▶ _Task input_
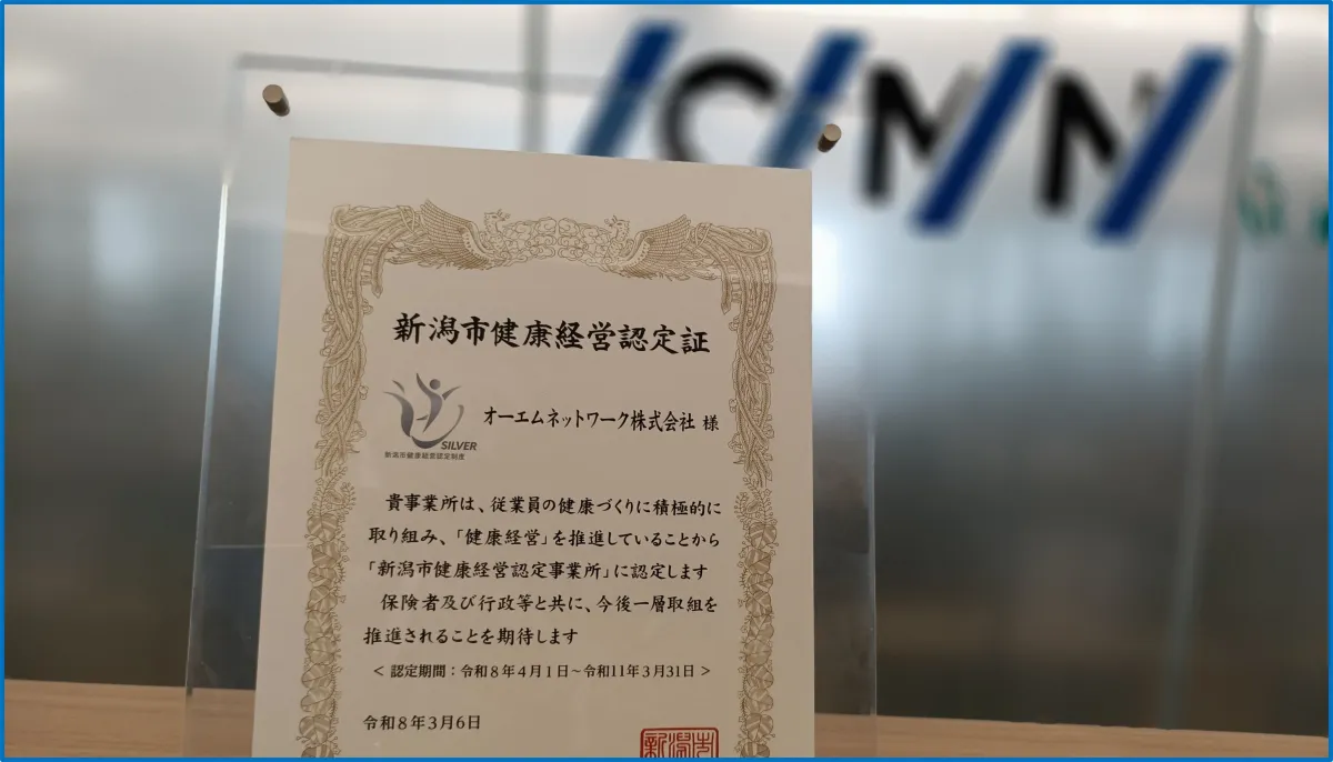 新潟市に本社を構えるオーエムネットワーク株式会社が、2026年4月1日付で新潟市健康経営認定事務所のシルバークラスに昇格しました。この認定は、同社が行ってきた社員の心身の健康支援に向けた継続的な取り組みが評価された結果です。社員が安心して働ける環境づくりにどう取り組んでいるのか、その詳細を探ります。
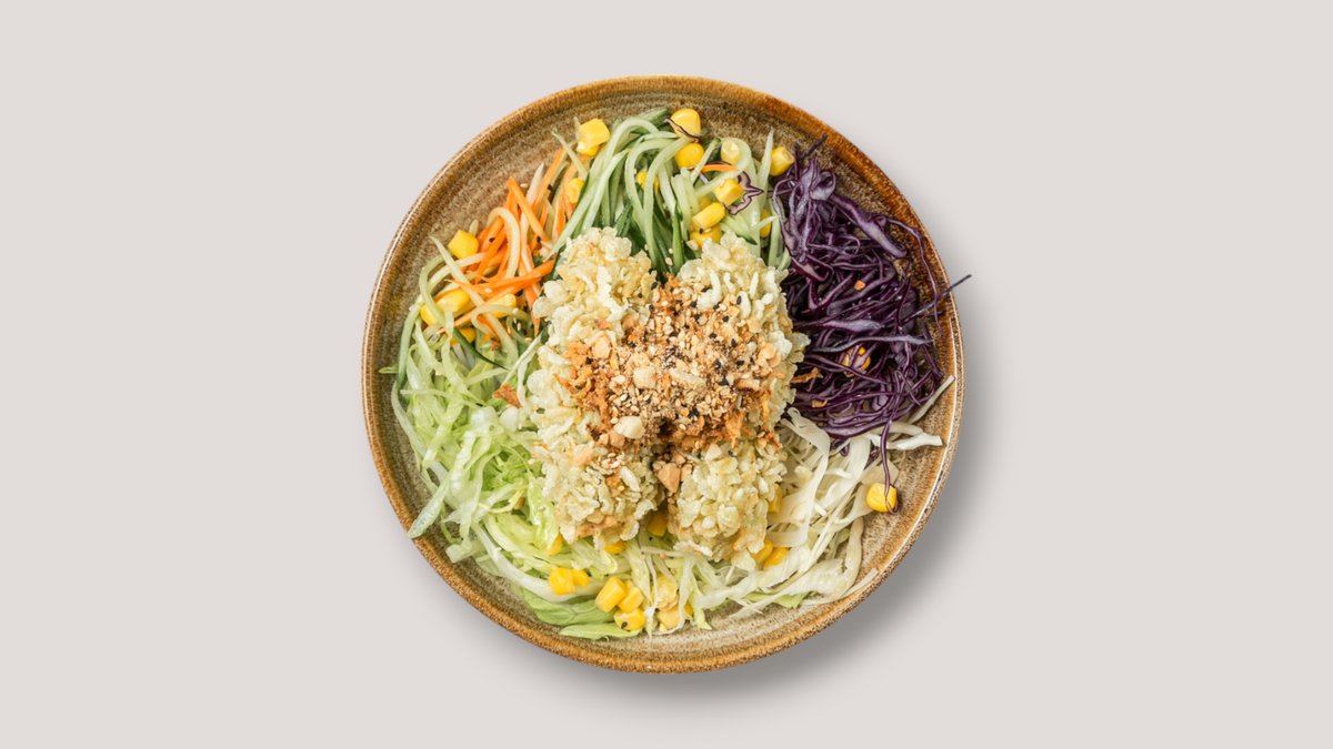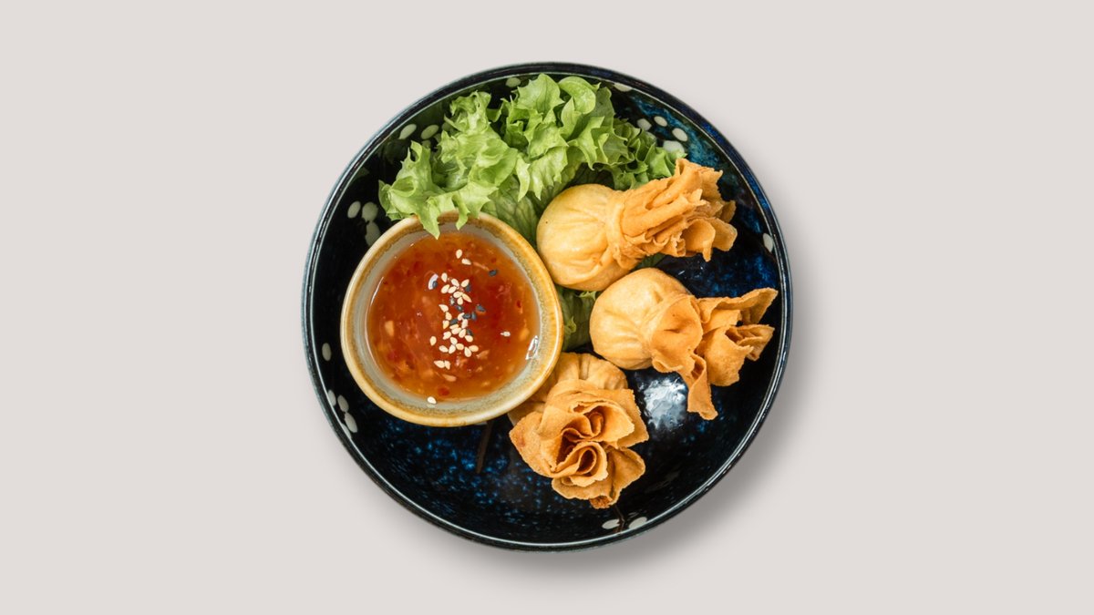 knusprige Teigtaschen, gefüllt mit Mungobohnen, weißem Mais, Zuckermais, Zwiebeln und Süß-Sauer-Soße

---

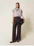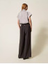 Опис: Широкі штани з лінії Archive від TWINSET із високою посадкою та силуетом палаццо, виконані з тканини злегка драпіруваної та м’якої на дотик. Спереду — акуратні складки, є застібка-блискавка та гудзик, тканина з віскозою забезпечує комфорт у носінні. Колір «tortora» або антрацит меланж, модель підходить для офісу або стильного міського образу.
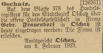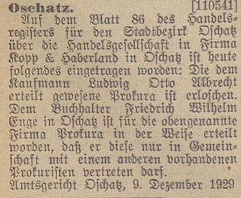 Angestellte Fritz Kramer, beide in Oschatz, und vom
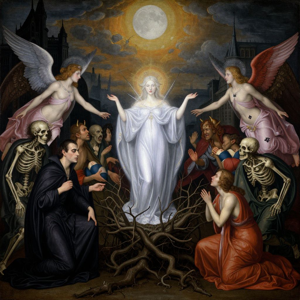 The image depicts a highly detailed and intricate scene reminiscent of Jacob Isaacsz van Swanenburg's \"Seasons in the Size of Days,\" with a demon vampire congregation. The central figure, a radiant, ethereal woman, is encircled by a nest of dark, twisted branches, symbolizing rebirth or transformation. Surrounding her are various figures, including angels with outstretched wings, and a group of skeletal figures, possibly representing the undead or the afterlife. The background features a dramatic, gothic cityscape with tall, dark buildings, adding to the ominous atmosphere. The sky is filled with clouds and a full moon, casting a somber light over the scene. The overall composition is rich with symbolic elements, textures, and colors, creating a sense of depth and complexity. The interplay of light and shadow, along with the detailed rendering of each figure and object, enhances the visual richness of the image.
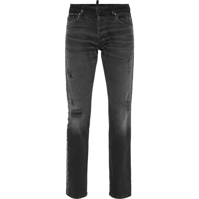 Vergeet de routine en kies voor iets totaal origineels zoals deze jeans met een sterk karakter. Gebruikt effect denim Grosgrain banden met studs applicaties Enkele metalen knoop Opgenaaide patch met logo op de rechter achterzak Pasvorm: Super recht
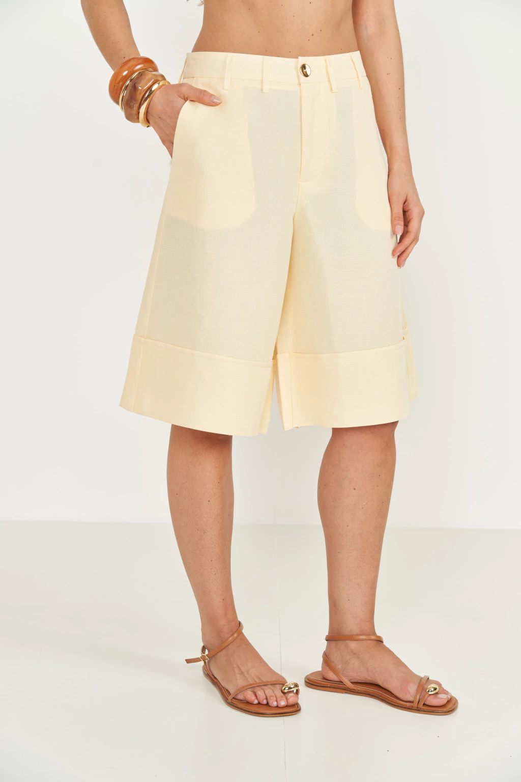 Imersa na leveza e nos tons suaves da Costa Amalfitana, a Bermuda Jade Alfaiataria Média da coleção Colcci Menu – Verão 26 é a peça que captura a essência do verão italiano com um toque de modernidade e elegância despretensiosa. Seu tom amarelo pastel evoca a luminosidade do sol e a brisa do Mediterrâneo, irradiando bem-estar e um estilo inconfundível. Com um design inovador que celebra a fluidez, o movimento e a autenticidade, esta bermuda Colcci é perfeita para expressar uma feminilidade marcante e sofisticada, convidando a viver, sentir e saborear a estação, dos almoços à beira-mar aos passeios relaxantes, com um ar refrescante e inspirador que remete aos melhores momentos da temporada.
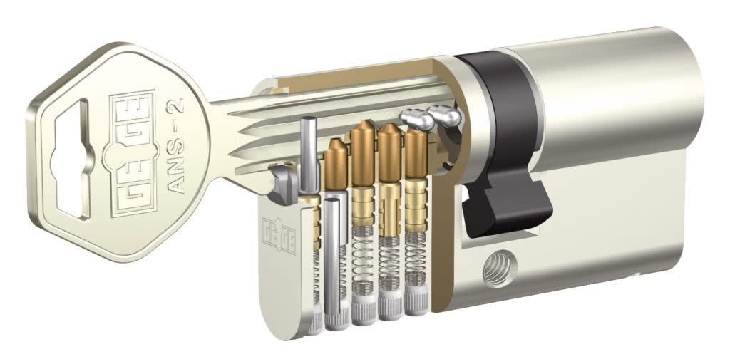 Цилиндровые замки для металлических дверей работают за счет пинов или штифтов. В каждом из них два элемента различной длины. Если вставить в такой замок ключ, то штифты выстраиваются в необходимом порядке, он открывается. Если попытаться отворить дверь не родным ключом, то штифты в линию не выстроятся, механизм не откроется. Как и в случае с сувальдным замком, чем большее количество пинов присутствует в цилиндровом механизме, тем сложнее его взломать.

* * *

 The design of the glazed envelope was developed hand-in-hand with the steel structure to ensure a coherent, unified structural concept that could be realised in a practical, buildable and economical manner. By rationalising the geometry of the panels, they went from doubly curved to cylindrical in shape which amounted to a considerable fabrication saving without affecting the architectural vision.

▶ _Work required_
Copy the lines above exactly, starting with the line that contains "Опис: Широкі штани" and ending with the line that contains "The image depicts", and leave out any pictures.

▶ _Result of the exercise_
 Опис: Широкі штани з лінії Archive від TWINSET із високою посадкою та силуетом палаццо, виконані з тканини злегка драпіруваної та м’якої на дотик. Спереду — акуратні складки, є застібка-блискавка та гудзик, тканина з віскозою забезпечує комфорт у носінні. Колір «tortora» або антрацит меланж, модель підходить для офісу або стильного міського образу.
 Angestellte Fritz Kramer, beide in Oschatz, und vom
 The image depicts a highly detailed and intricate scene reminiscent of Jacob Isaacsz van Swanenburg's \"Seasons in the Size of Days,\" with a demon vampire congregation. The central figure, a radiant, ethereal woman, is encircled by a nest of dark, twisted branches, symbolizing rebirth or transformation. Surrounding her are various figures, including angels with outstretched wings, and a group of skeletal figures, possibly representing the undead or the afterlife. The background features a dramatic, gothic cityscape with tall, dark buildings, adding to the ominous atmosphere. The sky is filled with clouds and a full moon, casting a somber light over the scene. The overall composition is rich with symbolic elements, textures, and colors, creating a sense of depth and complexity. The interplay of light and shadow, along with the detailed rendering of each figure and object, enhances the visual richness of the image.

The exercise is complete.